EXERCISE OBJECTIVE
Find "Мужское поло Etro" in the material below, then write out that line and every line after it exactly, ending with the last one; skip the pictures.

DATASET EXTRACT
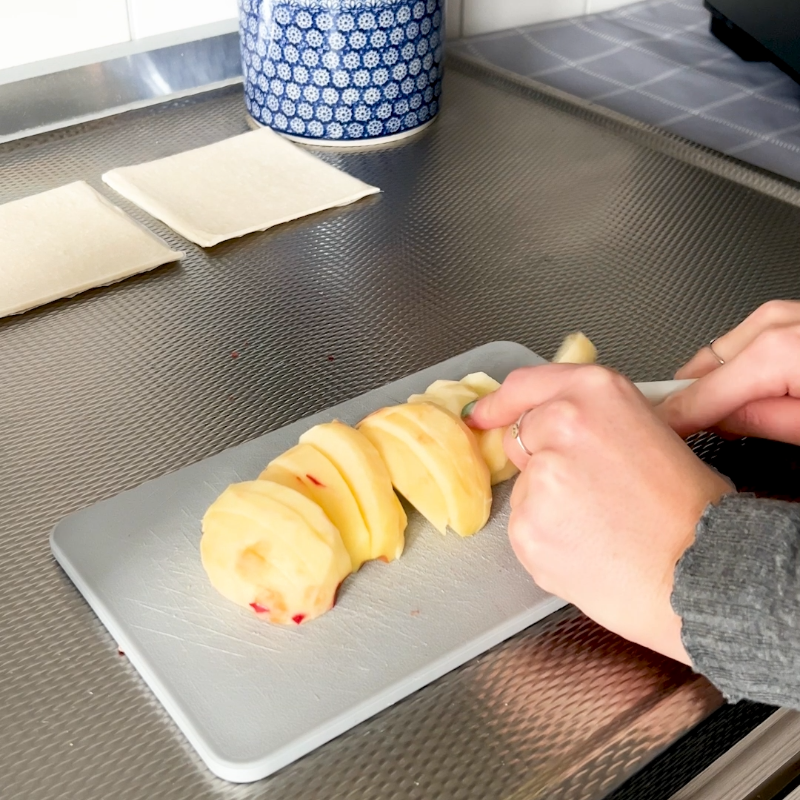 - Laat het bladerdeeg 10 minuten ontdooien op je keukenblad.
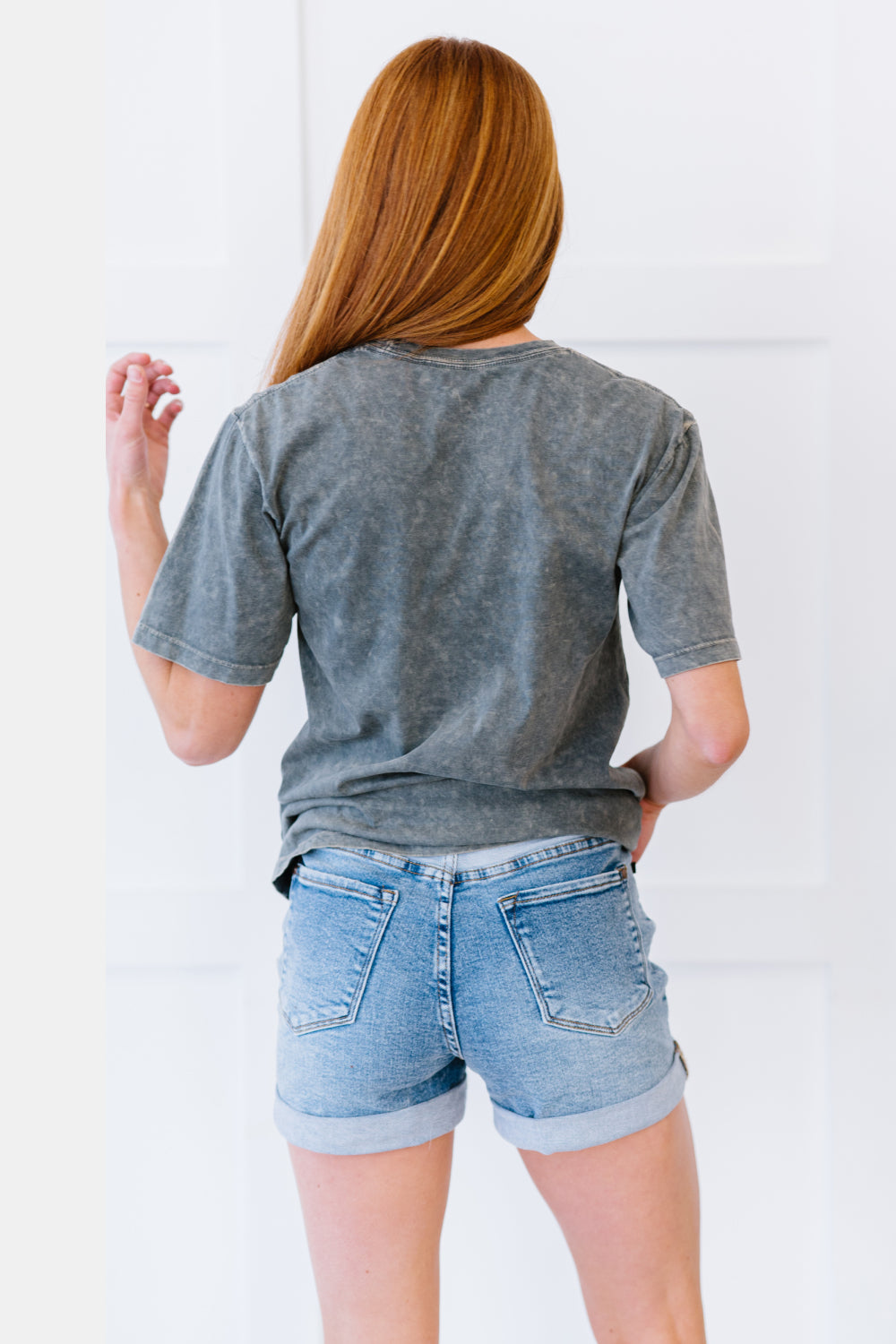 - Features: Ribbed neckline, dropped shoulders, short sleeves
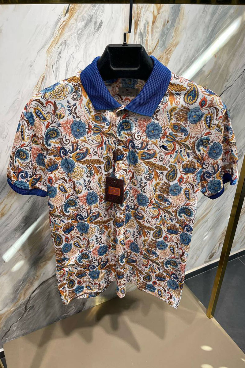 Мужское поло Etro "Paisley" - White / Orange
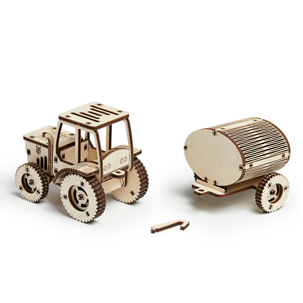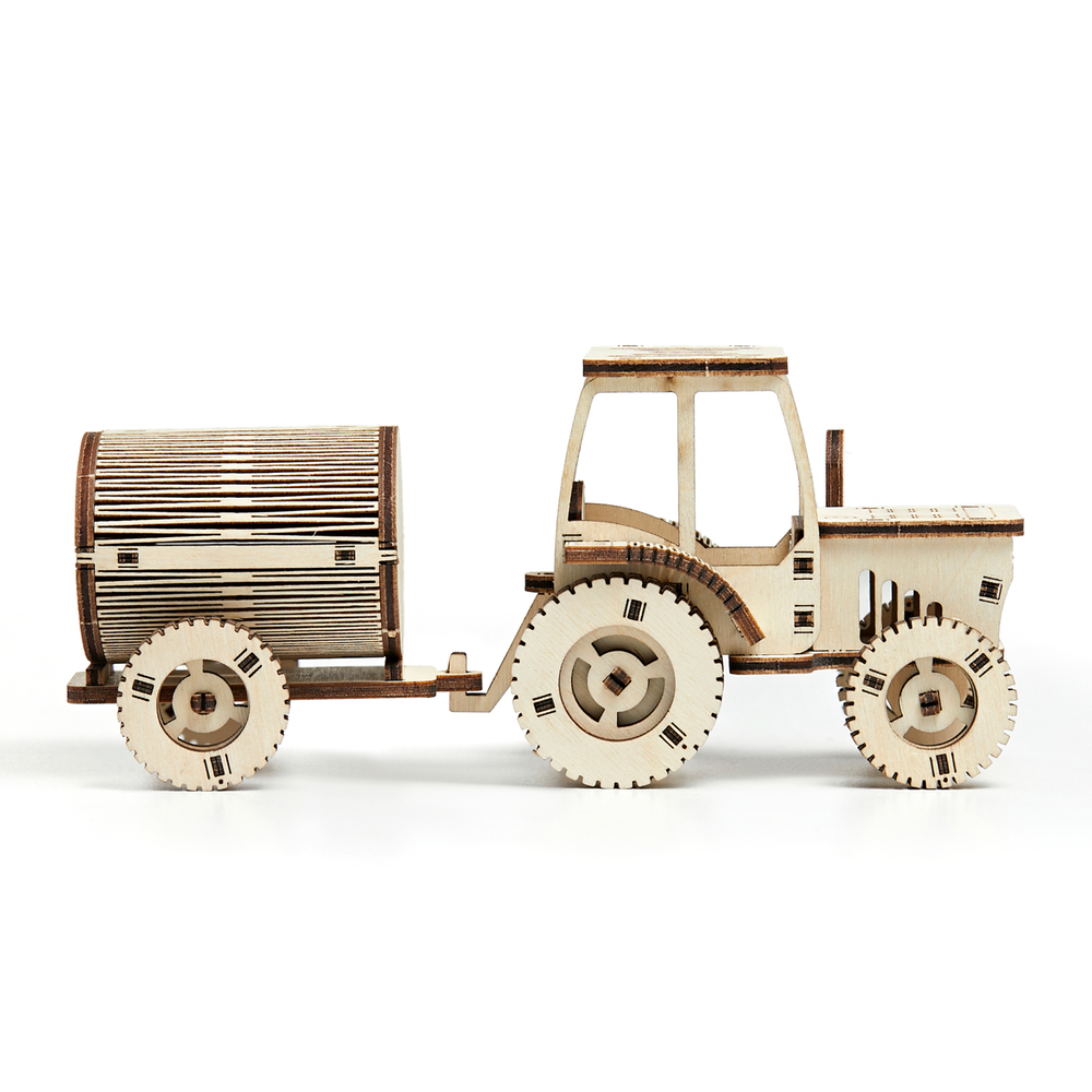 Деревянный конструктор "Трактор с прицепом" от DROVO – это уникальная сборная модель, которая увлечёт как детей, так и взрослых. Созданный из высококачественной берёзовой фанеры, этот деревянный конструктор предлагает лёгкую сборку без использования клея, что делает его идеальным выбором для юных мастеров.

EXERCISE SOLUTION
 Мужское поло Etro "Paisley" - White / Orange
 Деревянный конструктор "Трактор с прицепом" от DROVO – это уникальная сборная модель, которая увлечёт как детей, так и взрослых. Созданный из высококачественной берёзовой фанеры, этот деревянный конструктор предлагает лёгкую сборку без использования клея, что делает его идеальным выбором для юных мастеров.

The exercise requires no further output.